Non-existence proofs verify the absence of data stored within counterparty state and are used to prove that a key does NOT exist in state. As stated above, these types of proofs can be used to timeout packets by proving that the counterparty has not written a packet receipt into the store, meaning that a token transfer has NOT successfully occurred.

Some trees (e.g. SMT) may have a sentinel empty child for non-existent keys. In this case, the ICS-23 proof spec should include this EmptyChild so that ICS-23 handles the non-existence proof correctly.

In some cases, there is a necessity to "mock" non-existence proofs if the counterparty does not have ability to prove absence. Since the verification method is designed to give complete control to client implementations, clients can support chains that do not provide absence proofs by verifying the existence of a non-empty sentinel ABSENCE value. In these special cases, the proof provided will be an ICS-23 Existence proof, and the client will verify that the ABSENCE value is stored under the given path for the given height.

State verification methods: VerifyMembership and VerifyNonMembership

The state verification functions for all IBC data types have been consolidated into two generic methods, VerifyMembership and VerifyNonMembership.

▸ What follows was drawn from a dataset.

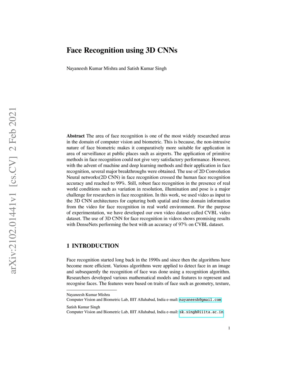 The area of face recognition is one of the most widely researched areas in the domain of computer vision and biometric. This is because, the non-intrusive nature of face biometric makes it comparatively more suitable for application in area of surveillance at public places such as airports. The application of primitive methods in face recognition could not give very satisfactory performance. However, with the advent of machine and deep learning methods and their application in face recognition, several major breakthroughs were obtained. The use of 2D Convolution Neural networks(2D CNN) in face recognition crossed the human face recognition accuracy and reached to 99%. Still, robust face recognition in the presence of real world conditions such as variation in resolution, illumination and pose is a major challenge for researchers in face recognition. In this work, we used video as input to the 3D CNN architectures for capturing both spatial and time domain information from the video for face recognition in real world environment. For the purpose of experimentation, we have developed our own video dataset called CVBL video dataset. The use of 3D CNN for face recognition in videos shows promising results with DenseNets performing the best with an accuracy of 97% on CVBL dataset.

From the ClientState interface definition, we find:

VerifyMembership(
ctx sdk.Context,
clientStore sdk.KVStore,
cdc codec.BinaryCodec,
height Height,
delayTimePeriod uint64,
delayBlockPeriod uint64,
proof []byte,
path Path,
value []byte,
) error

// VerifyNonMembership is a generic proof verification method which verifies the absence of a given CommitmentPath at a specified height.
// The caller is expected to construct the full CommitmentPath from a CommitmentPrefix and a standardized path (as defined in ICS 24).
VerifyNonMembership(
ctx sdk.Context,
clientStore sdk.KVStore,
cdc codec.BinaryCodec,
height Height,
delayTimePeriod uint64,
delayBlockPeriod uint64,
proof []byte,
path Path,
) error

Both are expected to be provided with a standardised key path, exported.Path, as defined in ICS-24 host requirements. Membership verification requires callers to provide the value marshalled as []byte. Delay period values should be zero for non-packet processing verification. A zero proof height is now allowed by core IBC and may be passed into VerifyMembership and VerifyNonMembership. Light clients are responsible for returning an error if a zero proof height is invalid behaviour.

Please refer to the ICS-23 implementation for a concrete example.